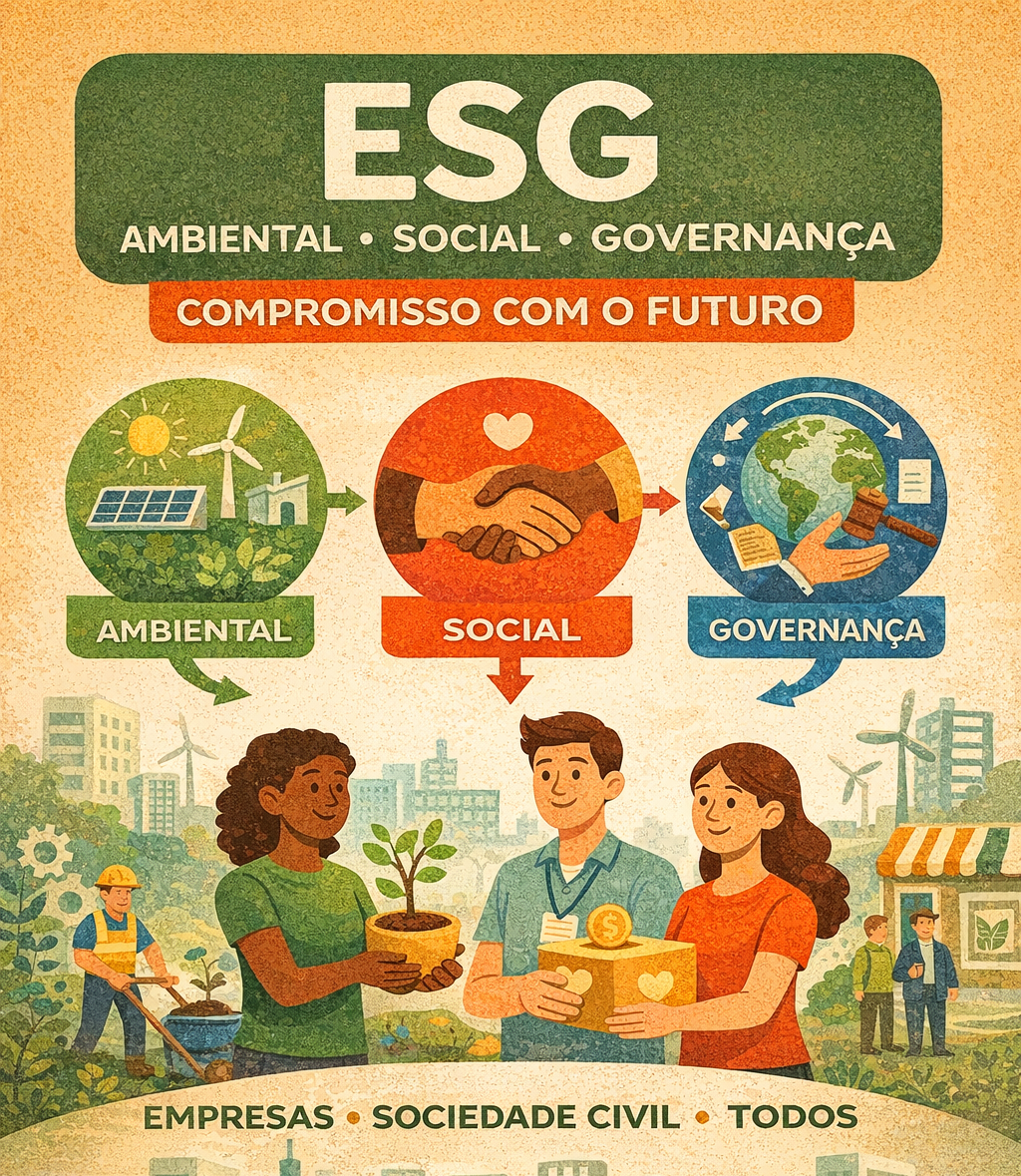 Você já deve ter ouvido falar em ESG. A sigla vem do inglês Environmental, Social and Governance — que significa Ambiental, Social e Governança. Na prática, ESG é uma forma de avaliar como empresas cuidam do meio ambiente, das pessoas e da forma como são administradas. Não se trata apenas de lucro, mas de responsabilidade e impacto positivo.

──────────────────────────────

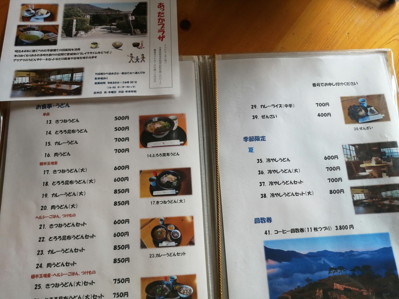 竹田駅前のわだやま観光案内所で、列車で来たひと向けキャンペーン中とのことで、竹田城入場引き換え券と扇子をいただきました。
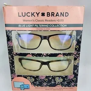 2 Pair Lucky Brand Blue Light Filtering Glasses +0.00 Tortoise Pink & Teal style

──────────────────────────────

### [WHAT IS BEING ASKED]
The answer is the lines above from the one with "竹田駅前のわだやま観光案内所" to the one with "2 Pair Lucky", set down exactly, with no pictures.

### [RESULT]
 竹田駅前のわだやま観光案内所で、列車で来たひと向けキャンペーン中とのことで、竹田城入場引き換え券と扇子をいただきました。
 2 Pair Lucky Brand Blue Light Filtering Glasses +0.00 Tortoise Pink & Teal style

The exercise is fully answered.